Странно, подумала Норма, Алвин говорил то же самое.
— Чем дольше работаешь, чем дольше живешь, тем больше кругов проходишь. Если проживешь достаточно долго и убедишься, что прошел по многим кругам, значит, прожил хорошую жизнь.
Раздался писк, потом несколько раз повторился с небольшими промежутками. Барски достал из кейса металлический аппарат величиной со спичечный коробок. Сигнал сделался отчетливее.
— Извините, — сказал он, — мне необходимо позвонить, — и вышел из-за стола.
— Это такая европищалка, — сказала Еля Норме. — Ян всегда носит ее с собой. Если что-то в клинике случилось и его ищут, хотят что-то важное передать, то связываются с центральной телефонной станцией, а оттуда дают сигнал на его европищалку — вот она и пикает.
К столу подошел один из охранников, сопровождавший их от самого аэропорта.
— Господин Барски уже пошел звонить? — спросил он. — Только что мы в машине получили сообщение, что он немедленно должен связаться с институтом.
— Вот видишь! — сказала Еля Норме.
Когда Барски вернулся, Каплан спросил:
— Ну, что слышно?
— Это Александра. Хочет немедленно показать нам что-то. Мне очень жаль, Еля, но ничего не попишешь. Мы подвезем тебя до дома. Не сердись.
— Сердиться? Я рада, что мои туфельки так подействовали на вас. Да и мороженого я уже наелась. Больше не влезет.
Когда Барски подозвал официанта, чтобы расплатиться, Каплан спросил:
— Что там у Александры горит?
— Хочет показать нам лично. И чтобы Сондерсен обязательно при этом присутствовал. Я ей объяснил, что он задержался в Ницце.
— Поехали в институт! — сказал Каплан.
— Нет, не в институт. Нам нужно в Бендешторф.
— Куда?
— В редакцию «Мир в кадре», — сказал Барски.
35
В жарких лучах послеполуденного солнца воздух над полями подрагивал. По обе стороны шоссе — красно-фиолетовые поля и луга. Барски поставил свой «вольво» перед высоким зданием. Здесь чудесно пахло свежескошенной травой и осенними лесами, со всех сторон окружавшими маленький городок.

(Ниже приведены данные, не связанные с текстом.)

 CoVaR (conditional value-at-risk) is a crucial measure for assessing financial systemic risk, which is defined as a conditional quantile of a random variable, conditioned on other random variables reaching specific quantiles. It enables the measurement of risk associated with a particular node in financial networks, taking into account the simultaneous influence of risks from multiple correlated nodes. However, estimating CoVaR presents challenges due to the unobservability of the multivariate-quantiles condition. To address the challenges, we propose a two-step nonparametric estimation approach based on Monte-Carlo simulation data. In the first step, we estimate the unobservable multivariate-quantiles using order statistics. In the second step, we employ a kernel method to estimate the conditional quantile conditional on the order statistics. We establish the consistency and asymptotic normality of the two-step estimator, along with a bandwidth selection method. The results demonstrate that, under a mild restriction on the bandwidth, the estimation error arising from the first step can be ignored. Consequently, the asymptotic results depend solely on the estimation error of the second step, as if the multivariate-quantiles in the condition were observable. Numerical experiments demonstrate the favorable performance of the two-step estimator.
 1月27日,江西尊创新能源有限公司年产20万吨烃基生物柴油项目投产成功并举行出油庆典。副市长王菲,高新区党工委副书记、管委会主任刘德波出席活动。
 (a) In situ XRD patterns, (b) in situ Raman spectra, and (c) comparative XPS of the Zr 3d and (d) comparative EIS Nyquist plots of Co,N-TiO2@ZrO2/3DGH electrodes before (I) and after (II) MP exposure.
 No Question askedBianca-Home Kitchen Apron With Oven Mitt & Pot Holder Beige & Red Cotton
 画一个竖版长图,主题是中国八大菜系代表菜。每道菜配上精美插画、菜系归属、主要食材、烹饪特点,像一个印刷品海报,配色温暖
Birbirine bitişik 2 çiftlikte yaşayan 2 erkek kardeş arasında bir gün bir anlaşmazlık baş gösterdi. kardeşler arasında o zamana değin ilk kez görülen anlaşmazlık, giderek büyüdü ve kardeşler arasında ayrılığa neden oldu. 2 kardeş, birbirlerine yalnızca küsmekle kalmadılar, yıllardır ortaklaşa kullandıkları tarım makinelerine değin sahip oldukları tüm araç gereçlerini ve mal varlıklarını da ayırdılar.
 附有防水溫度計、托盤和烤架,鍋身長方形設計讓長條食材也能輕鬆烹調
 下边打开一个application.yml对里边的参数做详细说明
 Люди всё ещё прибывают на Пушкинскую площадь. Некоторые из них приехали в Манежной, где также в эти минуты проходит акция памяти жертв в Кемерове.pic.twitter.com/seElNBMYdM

В холле было прохладно. Александра Гордон сидела в кресле напротив молодого бородатого мужчины в очках с никелированной оправой. При появлении Барски, Нормы и Каплана оба встали. Молодой человек представился:
— Карл Фрид. Я замещаю Йенса Кандера.
— А где сам Йенс? — спросила Норма.
Розы она взяла с собой — в машине слишком жарко, завянут.
— Уехал, — сказал Фрид. — Уехал.
— Что за чудеса? — удивилась Норма. — Он мне ни о каком отъезде ни словечком не обмолвился. И далеко уехал?
— Да, довольно далеко, — сказал бородатый молодой человек. — Не подниметесь ли ко мне? Все уже готово.
Вскоре они все сидели в кабинете Кандера. Фрид включил телевизор, задернул гардины, сел за письменный стол и набрал по внутреннему телефону трехзначный номер.
— Фрид, — назвался он. — О’кей, Чарли. Включай!
— В чем, собственно, дело? — спросил Барски.
— Сейчас увидишь, — сказала Александра.
Норма вспомнила, что в этом кабинете она однажды была уже в подобной ситуации, когда Кандер прокручивал для нее видеокассету второй программы с похоронами семьи Гельхорнов. И снова на черном мерцающем экране появились цифры: 5, 4, 3, 2, 1, потом раздался щелчок. И появились кадры, снятые в каком-то саду в яркий солнечный день.
— Это снято в Париже, за зданием госпиталя имени де Голля, — сказала Александра.
Камера отъехала от клумб с пышными цветами и показывала теперь Патрика Рено в белом халате. Все так и впились в экран: руки Патрика, его лицо и уши были, казалось, только что покрашены яркой золотистой краской.
— Почему у него такой вид, Александра? — спросил Барски.
— Подожди, подожди, — ответила та.
На экране новая картинка. Большой двор внутри больничных зданий, тоже залитый солнцем. Здесь прогуливается другой человек в белом халате.
— Это… — начала Александра.
Норма перебила ее:
— Профессор Кайоль! Президент наблюдательного совета «Еврогена» в Париже. Он вместе с другими зарубежными гостями был на похоронах Гельхорна и его семьи на Ольсдорфском кладбище, я его хорошо знаю по фотографиям в газетах.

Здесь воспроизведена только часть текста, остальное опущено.